Nick Clegg (43), the British Deputy Prime Minister, and leader of the Liberal Democrats in the new Liberal Democrat-Conservative coalition headed by Conservative Party leader David Cameron that resulted from the General Election of May 2010, declared in unveiling the new government’s main policy document, that it signified the most radical transformation of British politics since the Great Reform Act of 1832.(6) One might be excused for thinking that that is just the hyperbole of a politician who has suddenly found himself in government when he probably never expected to be, and in any case, the Great Reform Act was not as transformative as he implied. But something has certainly happened with the election of 2010. Significant change of a kind is indeed in the air.
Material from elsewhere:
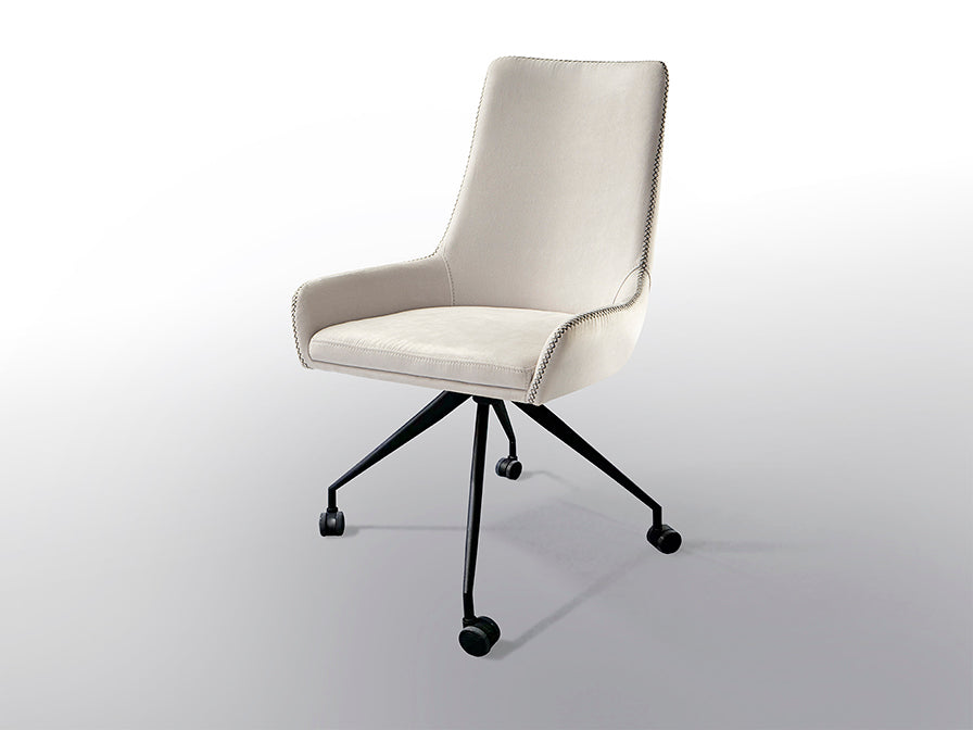 Cadeira com rodas giratórias, realizada em metal, acabamento preto mate. Forro em tecido 100% poliéster em cor branca, com pesponto decorativo em cinzento.

Concern has been growing for some time that the British people were becoming seriously disinterested in what had become the superficial sham of modern party politics. Party membership was at an all time-low, which meant not only less money in the party coffers, but also far fewer activists and campaigners on the streets to garner support for candidates. The political machines that had been built up over many decades had been atrophying through the 1990s. The crushing disappointment of so many in the performance and behaviour of the New Labour government of Tony Blair and Gordon Brown, the shock over the obvious way the people had been fooled over the reasons why Britain went to war in Iraq in 2003, the nation’s sense of disgust and the realisation that it had been seriously cheated in financial crisis and bank bailouts of 2008-09, the amazement as the scale of British politicians’ corruption unravelled week by week in the revelations in the media in the spring of 2009 – all these things had greatly  undermined people’s trust in the party political system and indeed in the system of governance that has existed in Britain since the 18th century.

Before the Great Reform Act, Britain’s rulers had also been concerned about widespread popular disaffection in the post-Napoleonic War period 1815-32, which is why they made their limited accommodation to the demands of the reformers in 1832. During the MPs’ expenses scandal of 2009, there were even a few voices heard in the media  – not so much from media people themselves but more from members of the public -  that began to ask: why do we need political parties at all? Why not have a parliament of completely independent MPs? They would then be free of the party ‘whips’, whose job it is to get MPs to toe the party line by threatening to withdraw the Prime Minister’s patronage unless MPs conform.(7) Now that would have been a truly radical change! But the media, those gatekeepers of the national discourse, soon put a lid on such bold notions, and no more was heard of them after a week or so.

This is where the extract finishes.